Intervention: In a single centered double-blind trial, participants were randomized to 2152 mg per day of DHA or placebo in identically appearing capsules and treated over 6 months. Participants were required to take four 1000 mg soft-gel capsules per day which contained either 538 mg DHA (treatment arm) or identically-appearing capsules containing corn/soy oil (placebo arm) manufactured and provided by DSM, Columbia, MD. The EPA content of the capsules was <0.1% of the total fatty acid composition. The full content of the DHA capsules is provided in Supplementary Table 1. Participants were provided written instructions to limit their intake of PUFA intake during the trial. All participants were provided and instructed to take two vitamin B complex supplements per day each containing 500 mcg of vitamin B12, 50 mg of vitamin B6 and 400 mcg of folic acid (Homocysteine Modulators, Solgar, NY). The full supplement content is provided in Supplementary Table 2. A randomization sequence was developed by the biostatistics team, with randomization fidelity monitored by the trial data manager/analyst. Only the trial statistician and one designated research coordinator had access to the randomization list. Randomization was (1:1) between DHA and placebo and was stratified by APOE4 carrier status, with a blocking factor that was not revealed to investigators. Participants came for three visits: screening, baseline and 6 months visits. CSF and plasma were done fasting overnight, and CSF was collected in polypropylene tubes. Compliance was assessed by pill counting.

Outcomes: The primary outcome was the change in CSF DHA levels at 6 months. Secondary outcomes included changes in CSF EPA levels, hippocampal volume and entorhinal cortex thickness on magnetic resonance imaging (MRI); and exploratory outcomes were the Montreal Cognitive Assessment (MoCA) to assess global cognition, Craft Stories and California Verbal Learning Test 2 (CVLT2) for verbal memory, and Trail making A and B tests for speed and executive functions as described [2].
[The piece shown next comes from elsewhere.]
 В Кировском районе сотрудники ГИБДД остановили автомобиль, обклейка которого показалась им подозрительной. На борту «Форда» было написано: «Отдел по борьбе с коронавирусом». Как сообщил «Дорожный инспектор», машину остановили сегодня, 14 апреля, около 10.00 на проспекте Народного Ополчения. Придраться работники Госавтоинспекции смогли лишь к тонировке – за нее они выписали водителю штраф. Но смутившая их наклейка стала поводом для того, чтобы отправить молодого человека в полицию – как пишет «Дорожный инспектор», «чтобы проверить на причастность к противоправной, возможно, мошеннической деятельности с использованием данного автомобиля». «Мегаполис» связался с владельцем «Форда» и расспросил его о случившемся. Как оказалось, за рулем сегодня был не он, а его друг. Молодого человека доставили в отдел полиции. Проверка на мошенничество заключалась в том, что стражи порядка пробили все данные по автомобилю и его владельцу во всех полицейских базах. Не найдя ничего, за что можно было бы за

Fatty acids measurements: For CSF, a 0.25 mL aliquot was transferred into a reaction vial containing an internal standard (C23:0 triglyceride) and dried in a Speedvac for 40 min at 60°C. For plasma, a 25 uL aliquot was combined with the internal standard in a reaction vial. Thereafter the methylating reagent [boron trifluoride in methanol (14%), toluene, and methanol (35/30/35 v/v); 0.5 mL] was added, the vial vortexed and heated at 100°C for 45 min. After cooling, 0.5 mL of distilled water and hexane (0.25 mL for CSF and 0.5 mL for plasma) were added. Fatty acid analysis was performed by GC MS using a Shimadzu GC2010 Plus with a 100 m SP2560 capillary column as described previously [21].
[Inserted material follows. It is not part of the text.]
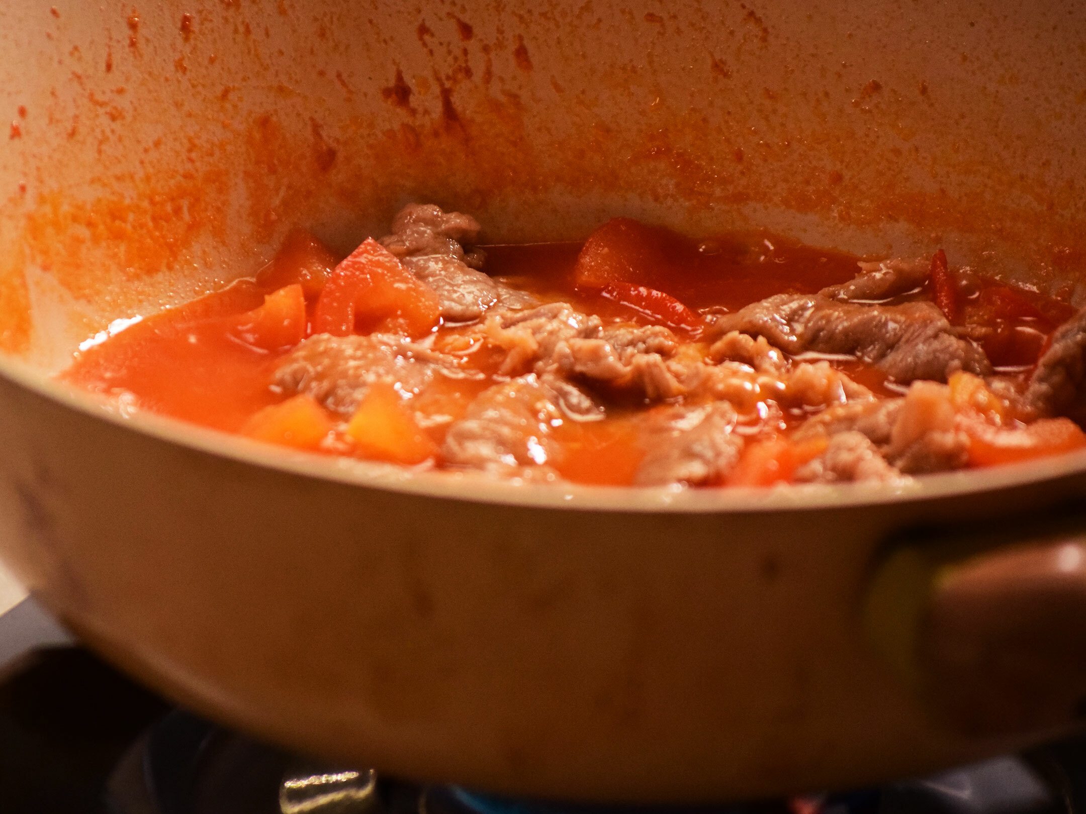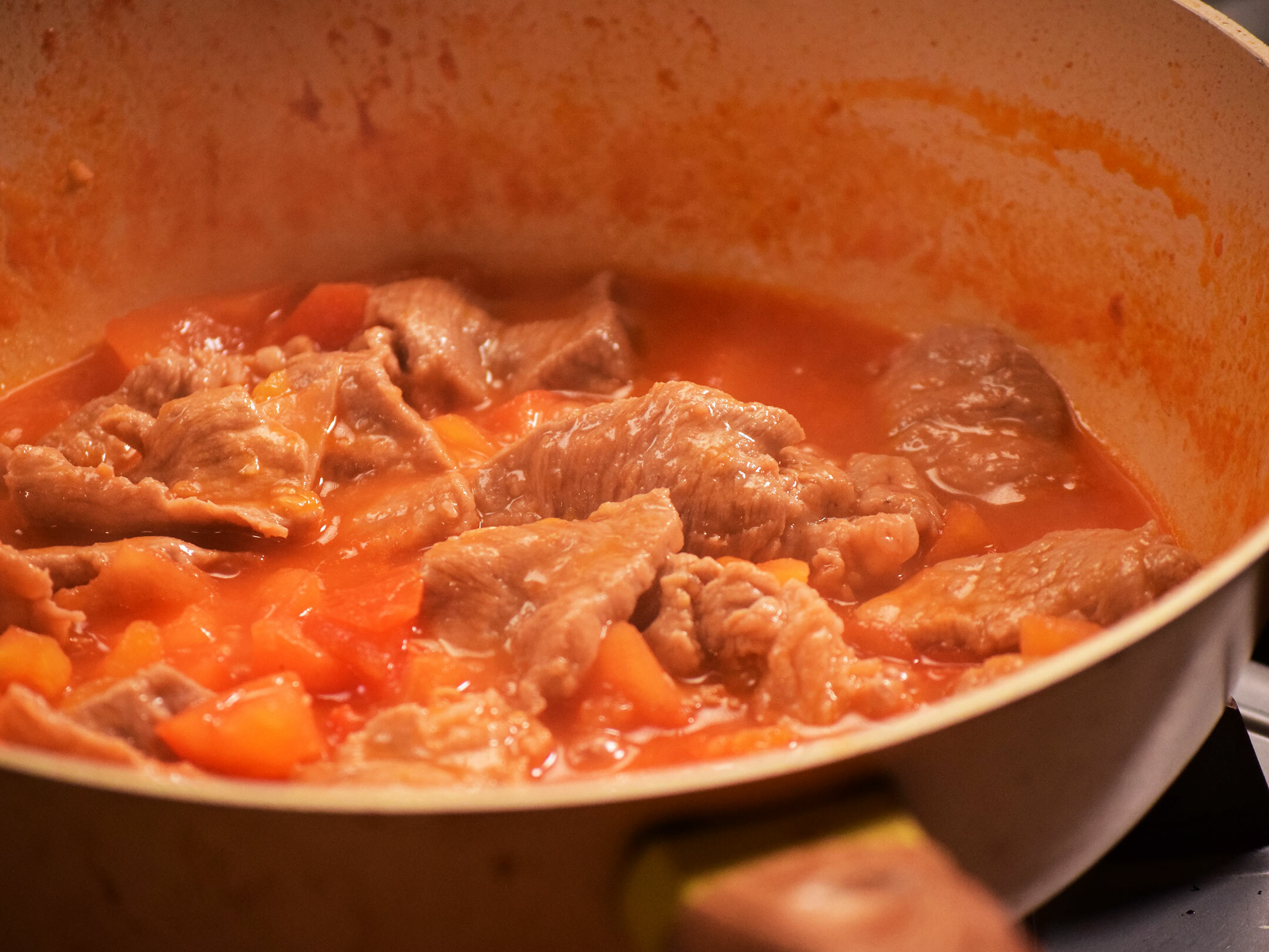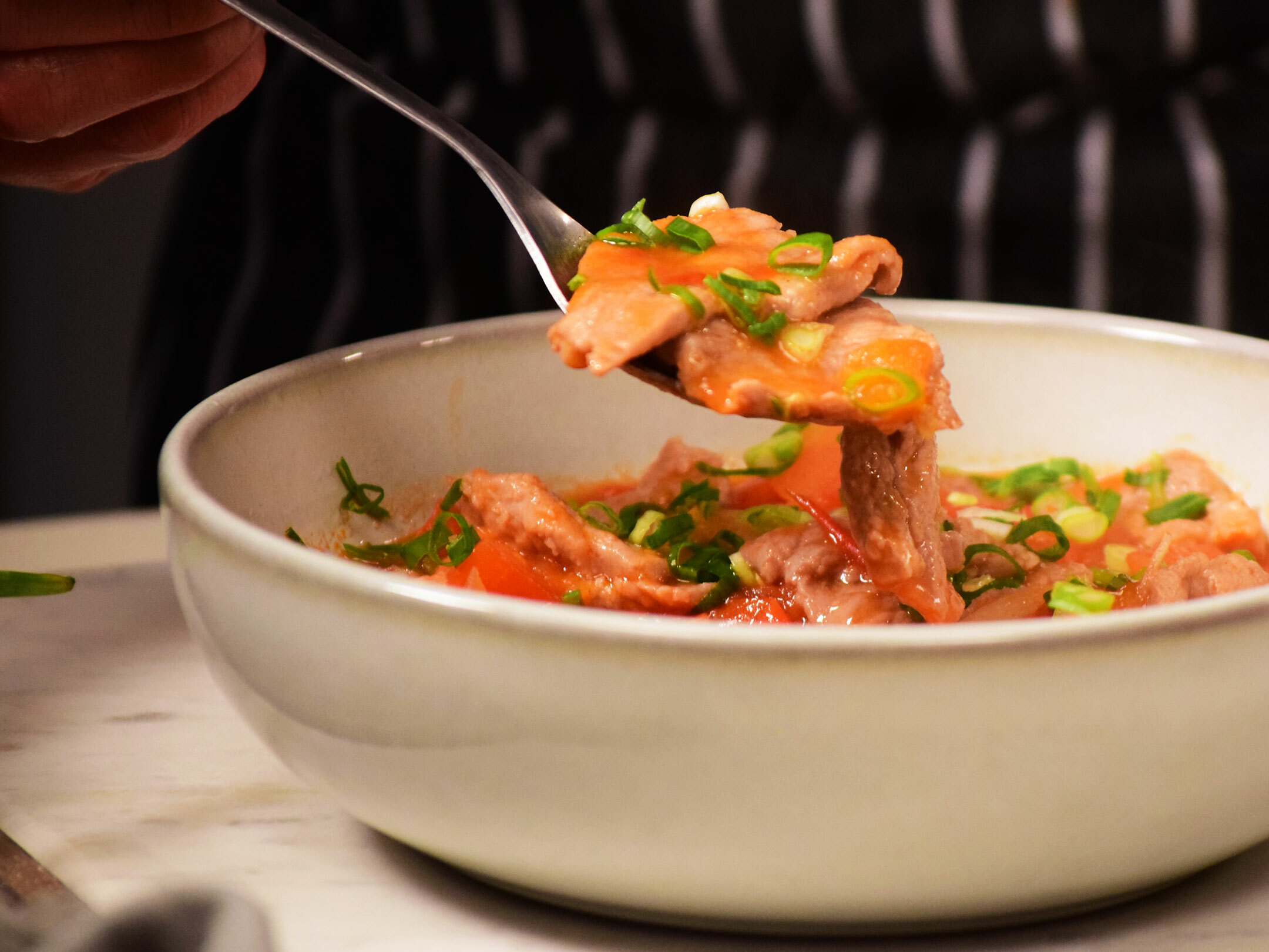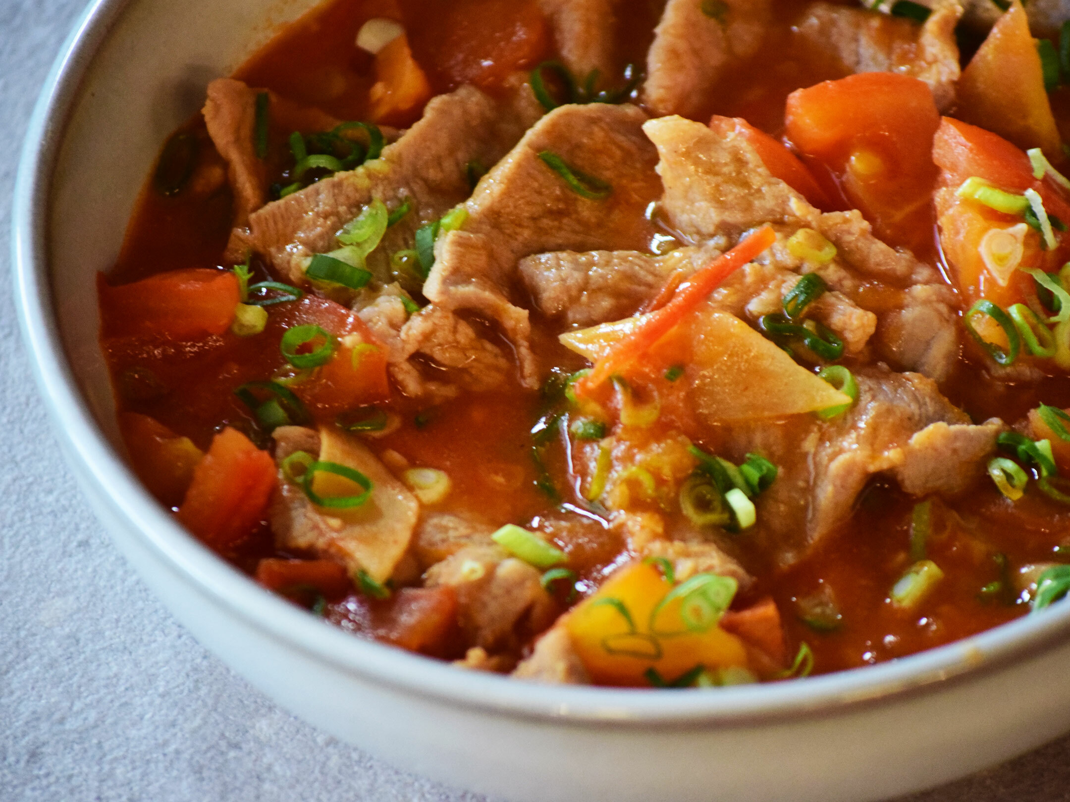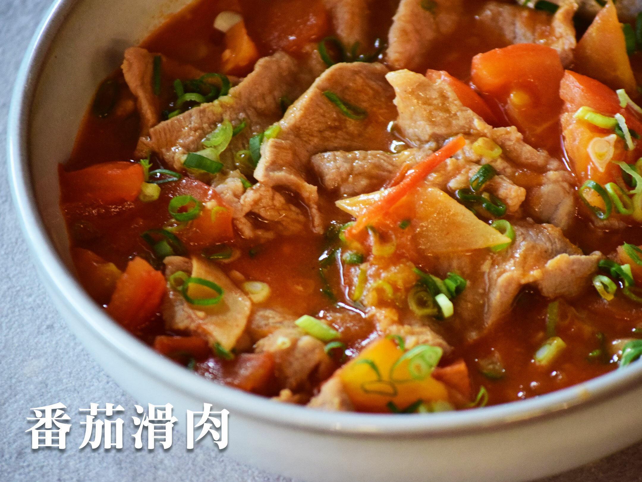 4.將醃製好的豬肉片加入蔥薑水川燙後,放入番茄湯中,輕輕攪拌,確保肉片均勻受熱,煮至熟透(約2-3分鐘)。

Other measurements: APOE genotyping was assessed using qPCR with isoform-specific primers as described [22]. Blood biomarkers were completed at Huntington Hospital clinical laboratory (Pasadena, CA). CSF levels of Aβ42 were measured using the MSD multiplex assay [23].
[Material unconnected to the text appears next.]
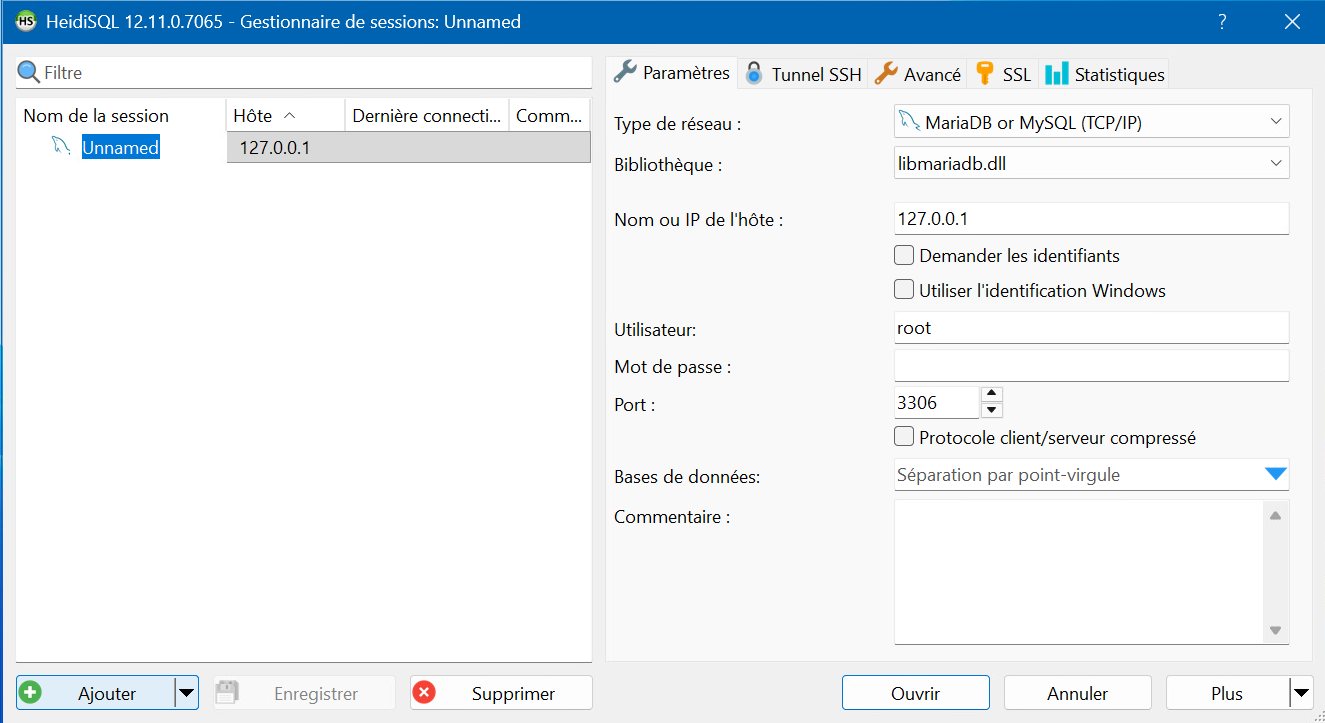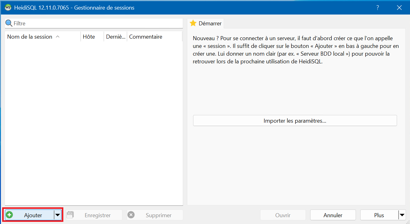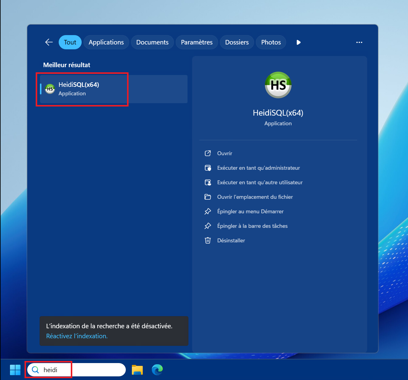 1 – Lancez « HeidiSQL » (menu Démarrer ou recherche) :

MRI methods: We collected structural MRI scans (MPRAGE) at baseline and follow-up on 28 participants (Siemens Magnetom Prisma 3T; TR 2300 ms; TE 2.95 ms; 1.1 × 1.1 × 1.2 mm). Hippocampal segmentations were performed using FreeSurfer. Each segmentation was passed or failed by a trained reviewer following a visual quality control assessment using a protocol based on the recommendations of the European Alzheimer's Disease Consortium and the Alzheimer's Disease Neuroimaging Initiative (EADC–ADNI) harmonized hippocampal protocol [22]. The mean of right and left hippocampal volumes divided by intracranial volume estimated by FreeSurfer was used in the statistical analyses. One right hippocampal segmentation at baseline and one left hippocampal segmentation at follow-up failed segmentation based on our protocol. In these cases, only the measure of the remaining acceptable segmentation was used in the analyses rather than a right-left mean. Two subjects also had bilaterally failed hippocampal segmentations at follow-up, leaving a total of 26 participants who had usable hippocampal segmentations at both baseline and follow-up. For entorhinal cortex thickness, FreeSurfer adequately segmented gray versus white matter in the entorhinal cortex, using an in-house quality control protocol. The mean of right and left entorhinal cortex thickness was included in the statistical analyses.

Data sharing

Coded individual participant data and a data dictionary defining each field in the set will be made available to others upon request to the corresponding author, on January 1, 2022. Additional documents (study protocol, statistical analysis plan, informed consent form) can be made available by request to corresponding author on Jan 1, 2021. Data will be shared after approval of a proposal, with a signed data access agreement.

Statistical analysis

Sample size determination: In a prior study in patients with mild AD [24], 44 participants had measures of DHA in CSF at baseline and 18 months after receiving 2 g per day of DHA treatment (DHA arm, n = 29, and placebo arm, n = 15). The difference in CSF DHA levels after 18 months was 1.0024% (in weight percentage units) in the DHA-treated arm and −0.257% in the placebo-treated arm with a standard deviation of 1.026. Based on these estimates, a sample size of 26 (13 per group) would have 80% power to detect a 1.22 difference in CSF DHA after treatment. Given a possible 20% dropout rate, a total of 32 participants were required to be randomized to detect this difference.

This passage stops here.